Request URL:http://localhost/api/Users
Request Method:GET
Status Code:500 Nope....
Content: Boom, something went wrong...

You can also do more advance scenarios to support multiple URIs in one server.

Get-WebServer | Stop-WebServer

Start-WebServer -Uri "http://localhost/api/Users" -OnRequest {
param ([string] $uri, [string] $method, [string] $data, [string] $headers)

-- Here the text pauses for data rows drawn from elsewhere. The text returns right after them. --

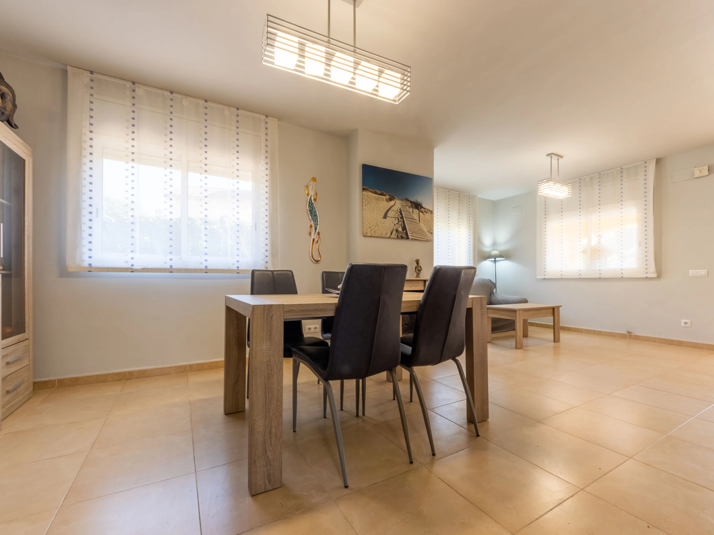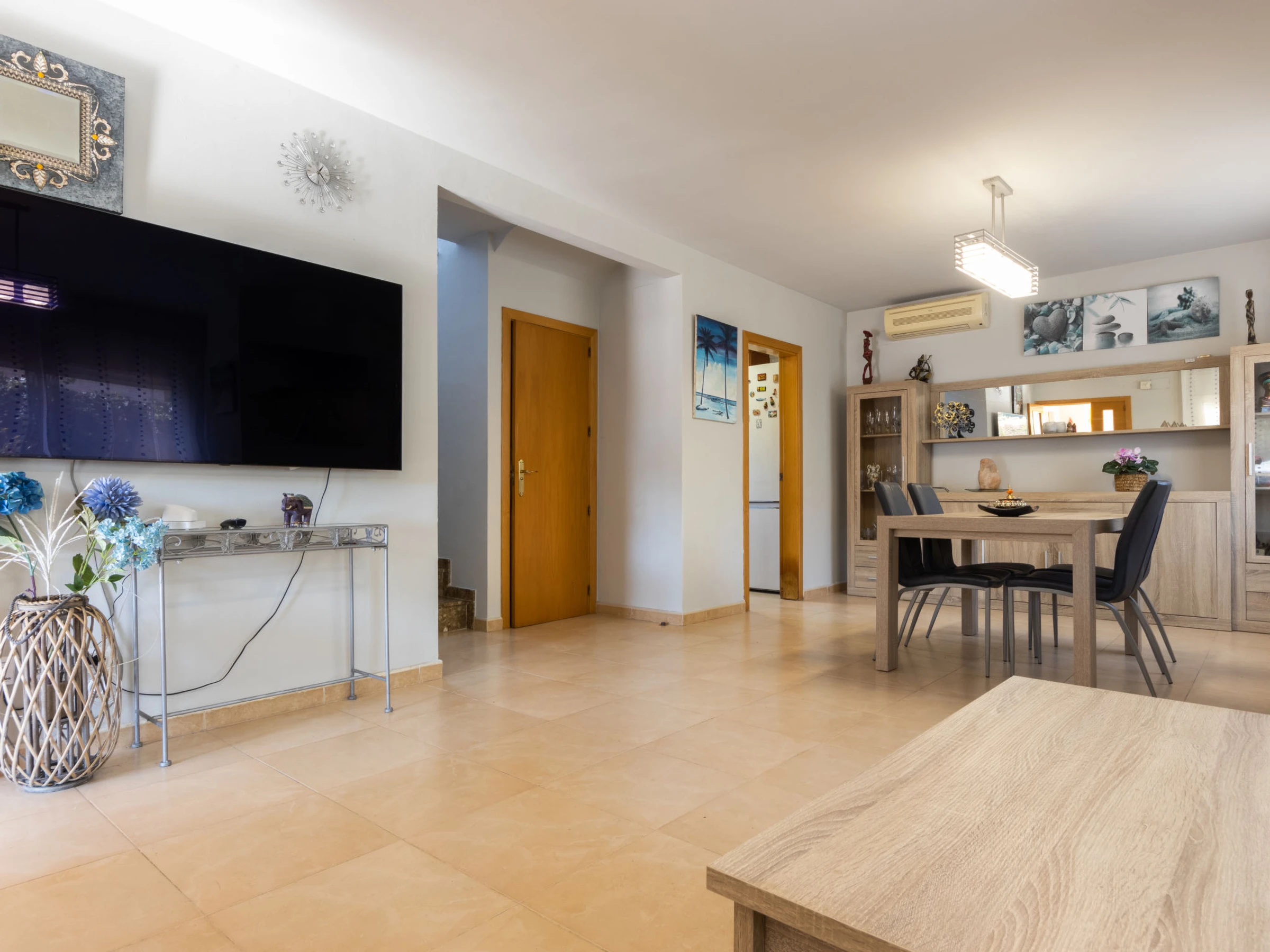 "La Coma", 4-room house 102 m2. Object suitable for 3 adults + 3 children. Practical and cosy furnishings: living/dining room with TV and digital TV (flat screen), air conditioning. Exit to the patio, to the swimming pool. Kitchen (oven, dishwasher, 3 ceramic glass hob hotplates, toaster, kettle, microwave, electric coffee machine). Sep. WC. No heating option. Upper floor: 1 room with 1 french bed (150 cm, length 190 cm), bath/WC and TV (flat screen). Exit to the terrace. 1 room with 1 bed (90 cm, length 190 cm), 1 x 1 bunk beds (135 cm, length 190 cm). Exit to the terrace. 1 room with 1 bed (90 cm, length 190 cm). Bath/WC. Terrace, patio. Barbecue, deck chairs (6). View of the mountains and the swimming pool. Facilities: washing machine, iron, children's high chair, baby cot for up to 3 year olds, hair dryer. Internet (WiFi, free). Reserved parking. Please note: suitable for families. Non-smoking house. TV only ES. The pool mentioned in the description is for private use. [hidden]
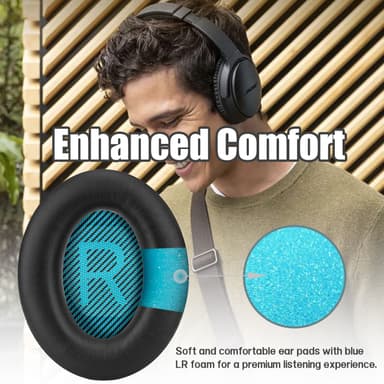 Parannettu mukavuus: Pehmeät ja mukavat korvatyynyt sinisellä LR-vaahtomuovilla takaavat ensiluokkaisen kuuntelukokemuksen.
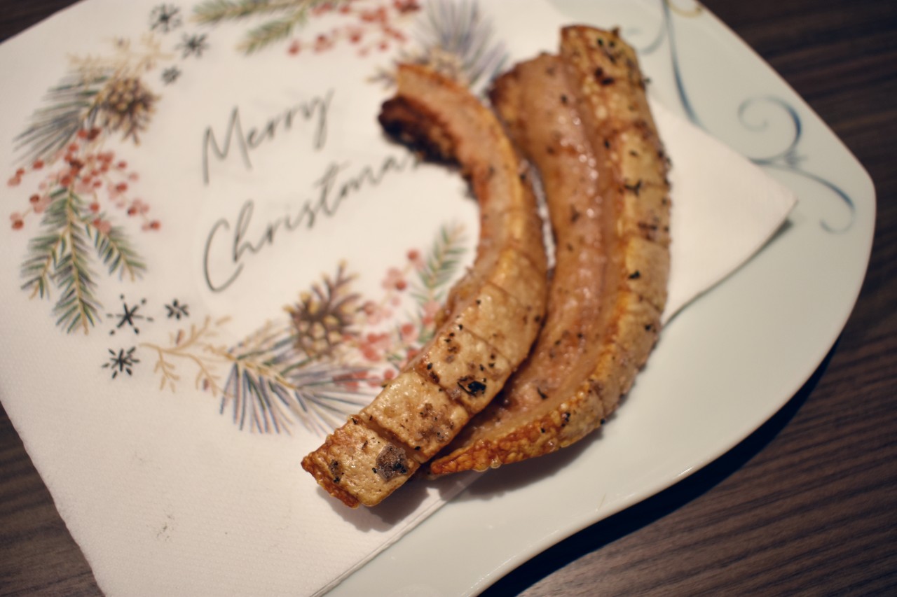 Møt hjemmelagd svinecrisp! Fantastisk sprø svor, og vil du ha med litt kjøtt under er ikke det dumt heller. En utrolig god snacks!
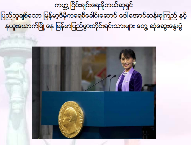 လာမယ့္ စက္တင္ဘာ တတိယပတ္မွာ အေမရိကန္ျပည္ေထာင္စုုကိုု လာေရာက္လည္ပတ္ျပီး ဂုုဏ္ျပဳခ်ီးျမွင့္မႈမ်ား လက္ခံရန္ လာေရာက္မယ့္ ျမန္မာ့ဒီမိုုကေရစီေခါင္းေဆာင္၊ ျပည္သူ႔လႊတ္ေတာ္ကိုုယ္စားလွယ္၊ ေဒၚေအာင္ဆန္းစုုၾကည္ကိုု အေမရိကန္ေရာက္ ျမန္မာတိုုင္းရင္းသားကြန္ျမဴနီတီမ်ားကလည္း ညီညာဖ်ဖ် လႈိက္လဲွစြာၾကိဳဆိုုရန္ ေစာင့္ေမွ်ာ္လ်က္ရွိပါတယ္။
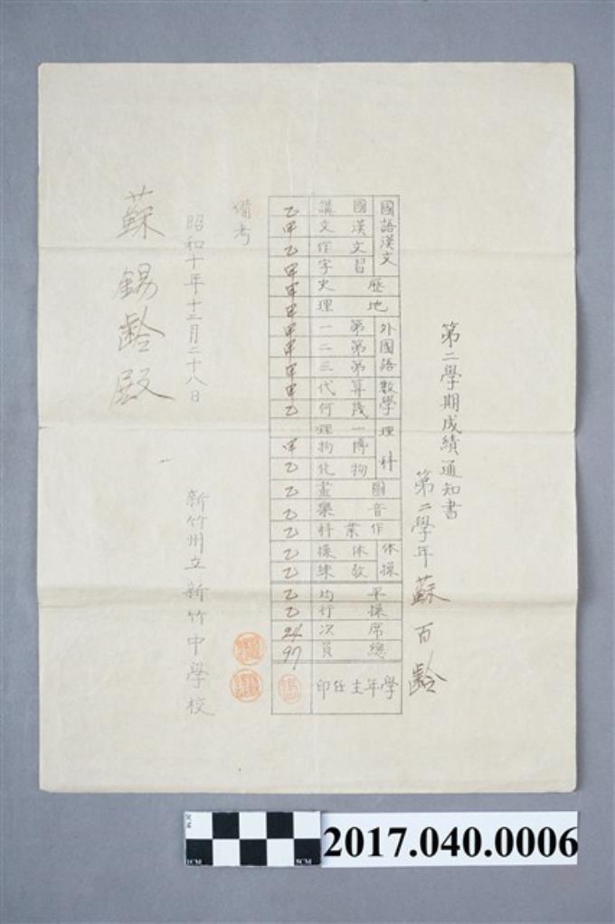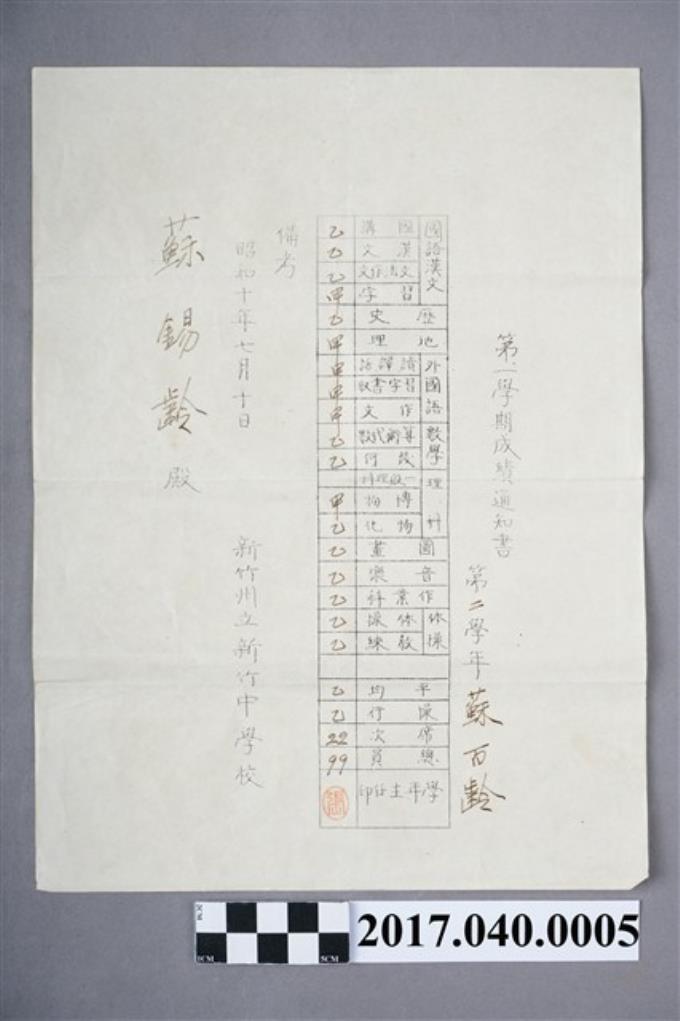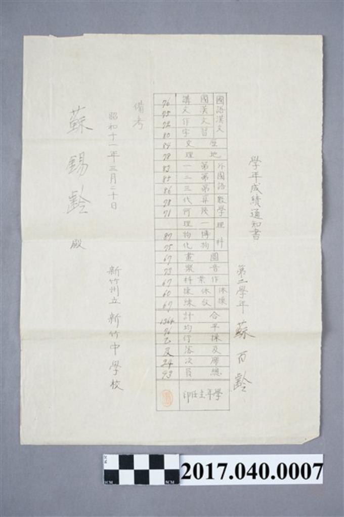 蘇百齡新竹州立新竹中學校第2學年學年成績通知書
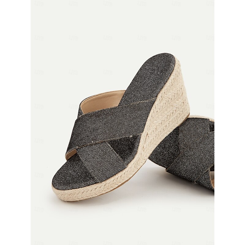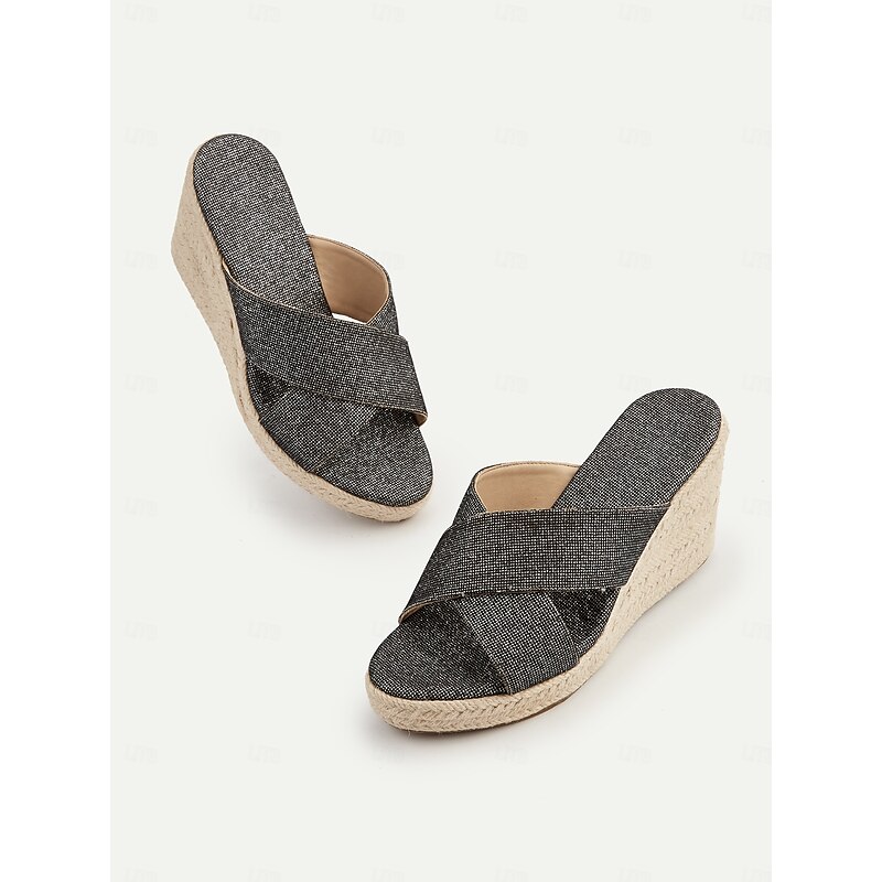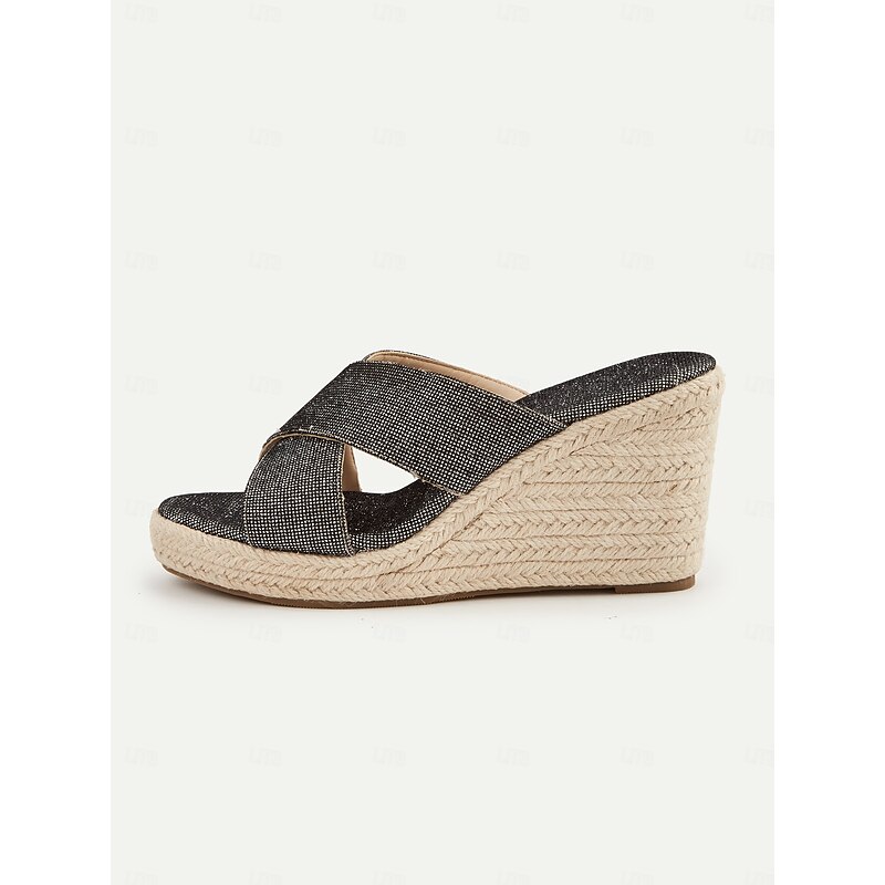 Women's Black Glitter Cross-Strap Espadrille Wedge Sandals – Resort-Ready Comfortable Slides for Beach Vacations 11

if ($uri.ToLower().EndsWith("/api/users")) {
$users = @()
$users += @{ Name = "John Doe"; Age = 21; }
$users += @{ Name = "Jane Doe"; Age = 32; }

return @{ Message = ($users | ConvertTo-Json); ContentType = "application/json" }
}

if ($uri.ToLower().EndsWith("/api/users/1")) {
$user = @{ Name = "John Doe"; Age = 21; }
return @{ Message = ($user | ConvertTo-Json); ContentType = "application/json" }
}

return @{ StatusCode = 404 }
}

This server will now response to "api/Users" and to the "api/Users/1" request. All other request will result in a response of 404 : Not Found.

You can see how easy it is to start a web server and deliver content. You can deliver as much content as you want and however you want all in PowerShell!

I'd be very interested to know if you find this cmdlet interesting and in what ways you end up using it.